There are lots of question on here about Permission denied (publickey) errors when using the Jenkins git plugin.
Can someone explain the authentication flow this plugin uses to check out a repository? I can't find a good description on the plugin page.
I want to just SSH into the build slave, checkout the repository there, then run my job, but clearly that is not how it works.
I guess I could add my credentials to the jenkins master, but I dont want any code there. I want it on my build slave.
Issue has nothing to do with git really. As their documentation states, it relies on git runtime which in its turn relies on system environment when it comes to secure connections. Ssh requires client to have valid key to connect and fails to that message if client does not provide one. Without any additional actions, key is not injected into environment, so client could not provide any valid key.
What you actually can use is ssh agent plugin. That allows to add key to ssh-agent on slave that will be catched up by git.

How can i use Jenkins with Atlassian Stash?

I've just setup Jenkins and i have some Repositories in my Stash.
I installed the "Git plugin" in jenkins.
I can now enter the repository url but there is nothing to enter my credentials.
It's possible using
http://username:password#mydomain/xx/yy.git
but that is something i dont want to do.
What else can i do to authenticate?
I am the author of this stash plugin that might help you: https://github.com/palantir/stashbot
Taking selectively from the readme:
To work with Jenkins, you MUST install the following jenkins plugins first.
Jenkins GIT plugin
Post build task
Next, build and install the plugin using the plugin SDK (more details in the readme)
Next, the stash admin goes into the Stashbot Admin page and creates a jenkins server config - here you give it the URL, username/password, etc details of the jenkins server.
Next, for each repository a "Stashbot CI Admin" link shows up for repo admins. From there you can check the "enabled" checkbox and tell it what branches you want build (via a regex) and what command it should run to do the build (optionally verifies and publishes).

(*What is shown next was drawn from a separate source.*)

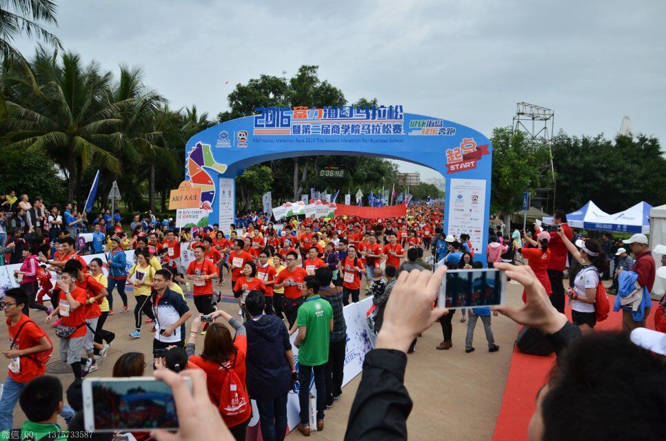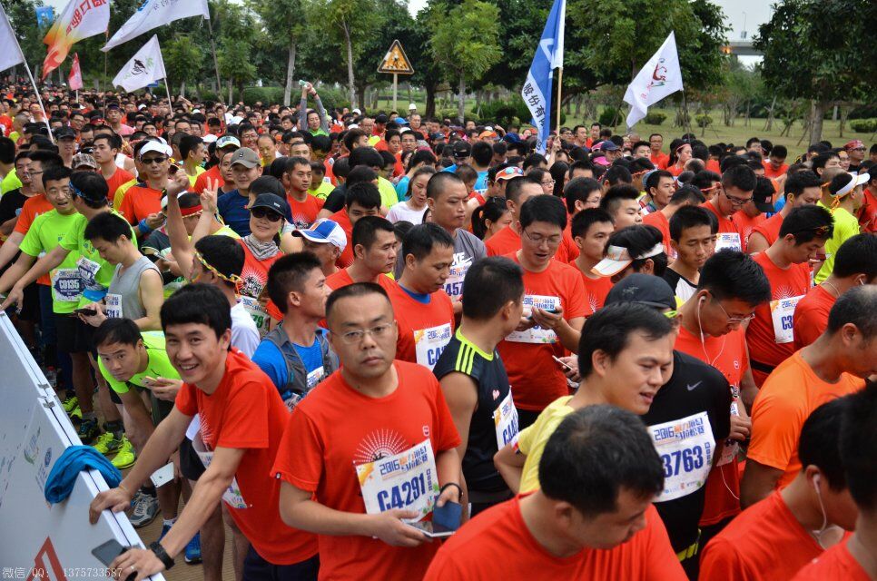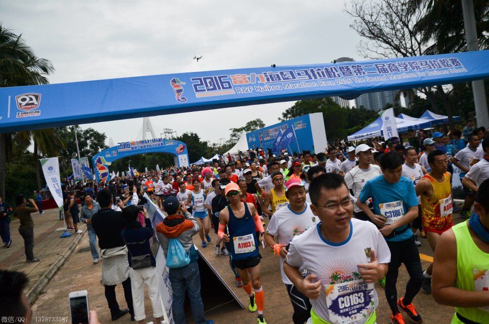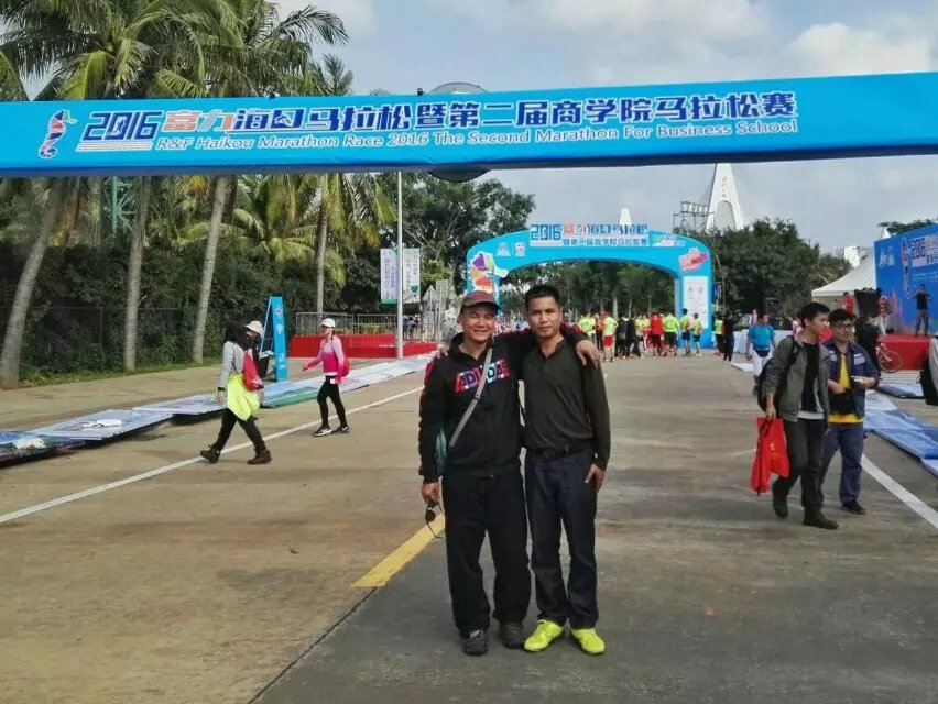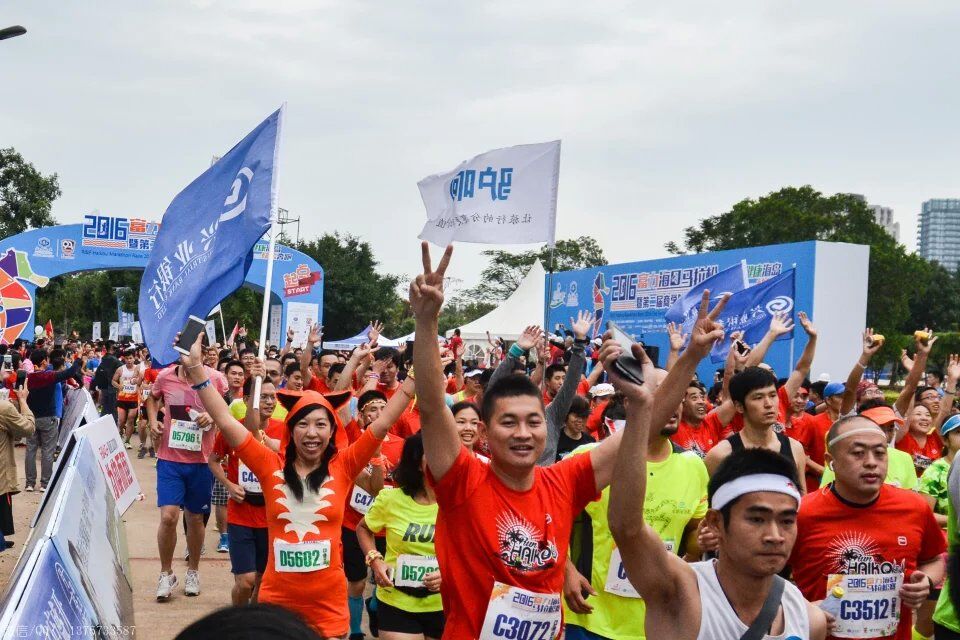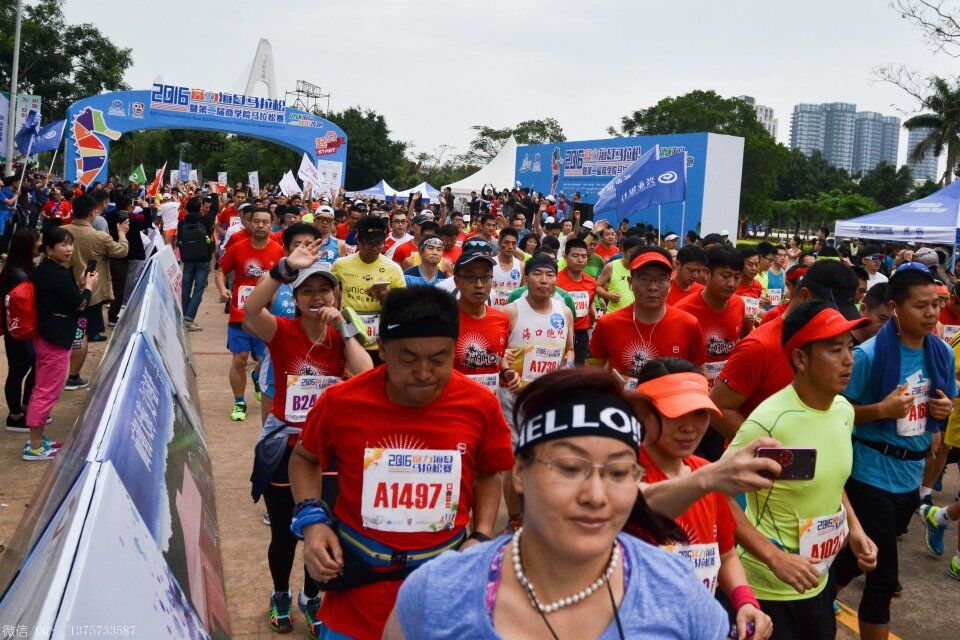 2016年1月10日上午8时,海口马拉松在海口世纪公园鸣枪开跑。海口马拉松共报名10038人,其中,全程赛1727人,半程赛2693人,迷你赛5618人,选手来自15个国家和地区,包含中国的港、澳、台地区选手,其中来自电白的水东湾跑团13位跑友也报名参加了这次盛事。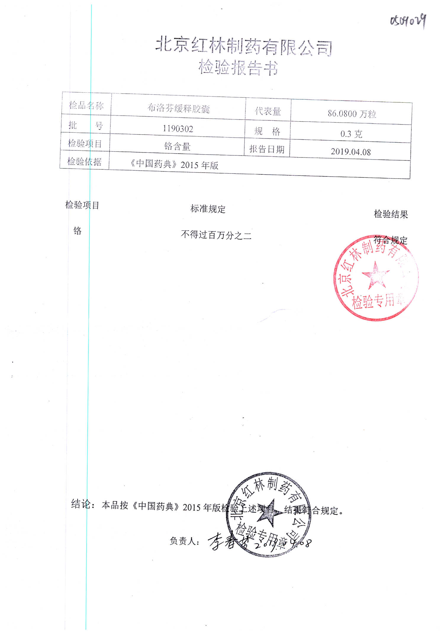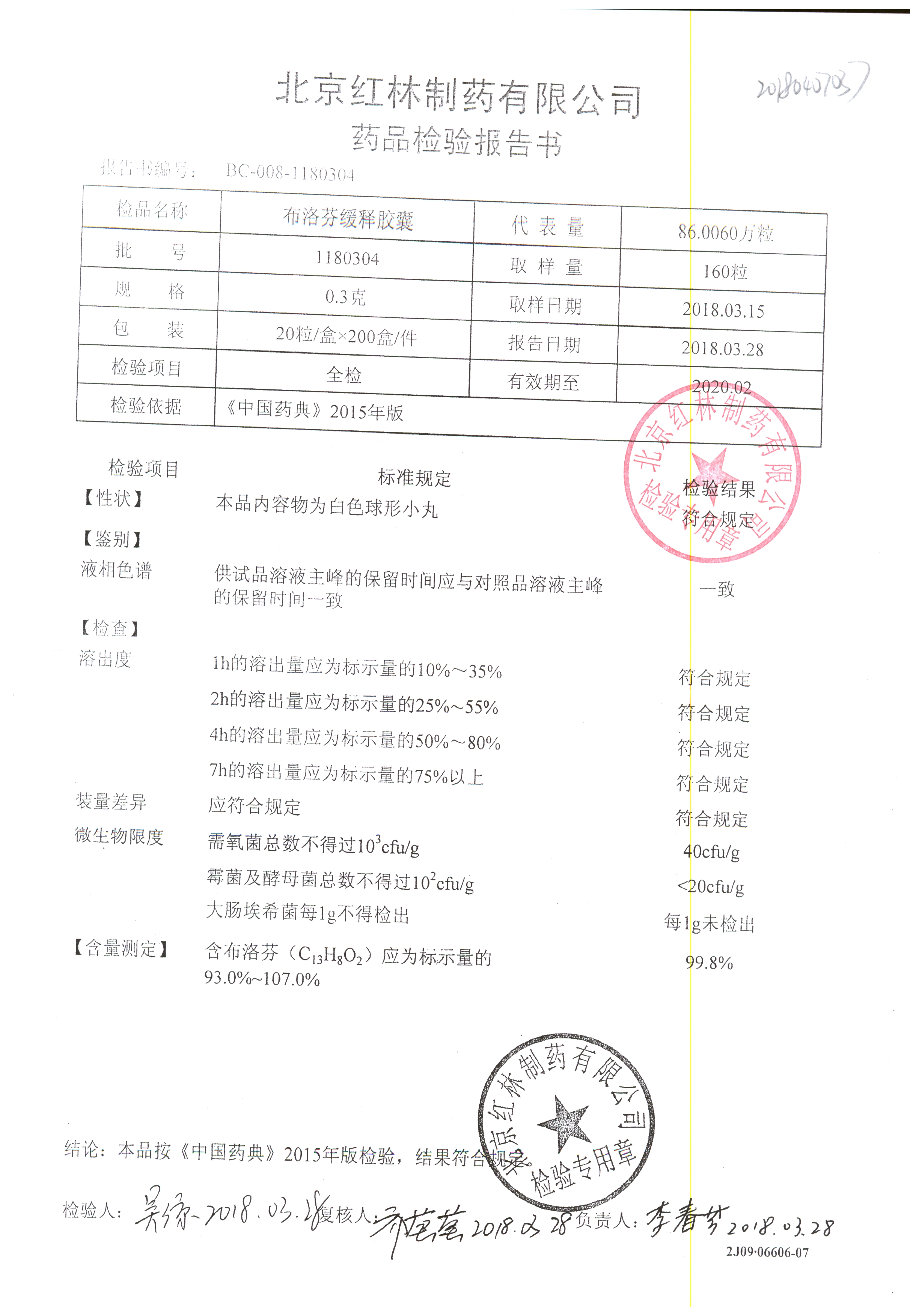 布洛芬緩釋膠囊 | 0.3g*20粒 | 1180604(2/2) | 查看詳情 |

After this point, the remainder is completely self-service. Any repo admin can ask for their project to "have CI" by filling out that form, and the jobs will automatically be created in the jenkins server.
Hope that helps.
Set up an SSH key for the user that runs your Jenkins builds and add it to the repository's SSH keys in Stash. See the Stash docs for instructions.
Two things to add to Gareth's answer.
While I agree that using SSH keys are definitely better than hard-coding the username/password, it's worth mentioning that Stash (currently) scales better with HTTP when it comes to CI. If you have quite a few builds we generally recommend using HTTP. We are currently extending our Git cache support to support SSH so this no longer an issue.
Somewhat related, you might be interested in watching and voting for the following feature which will make it easier to create CI specific keys.
Lastly having build icons show up in Stash is surprisingly handy, and you should have a look at the following plugin if you haven't already:
https://github.com/jenkinsci/stashNotifier-plugin
Since version 2.0 of "Git Plugin" for jenkins you should be able to directly add the required credentials for both ssh and username/password (based on credentials plugin).
See changelog of Git plugin: https://wiki.jenkins-ci.org/display/JENKINS/Git+Plugin#GitPlugin-Changelog for details.
For further integration of git and stash regarding pull requests you additionally need the "Stash Webhook for jenkins" add-on in stash and the "Stash Notifier" plugin for jenkins to connect each other.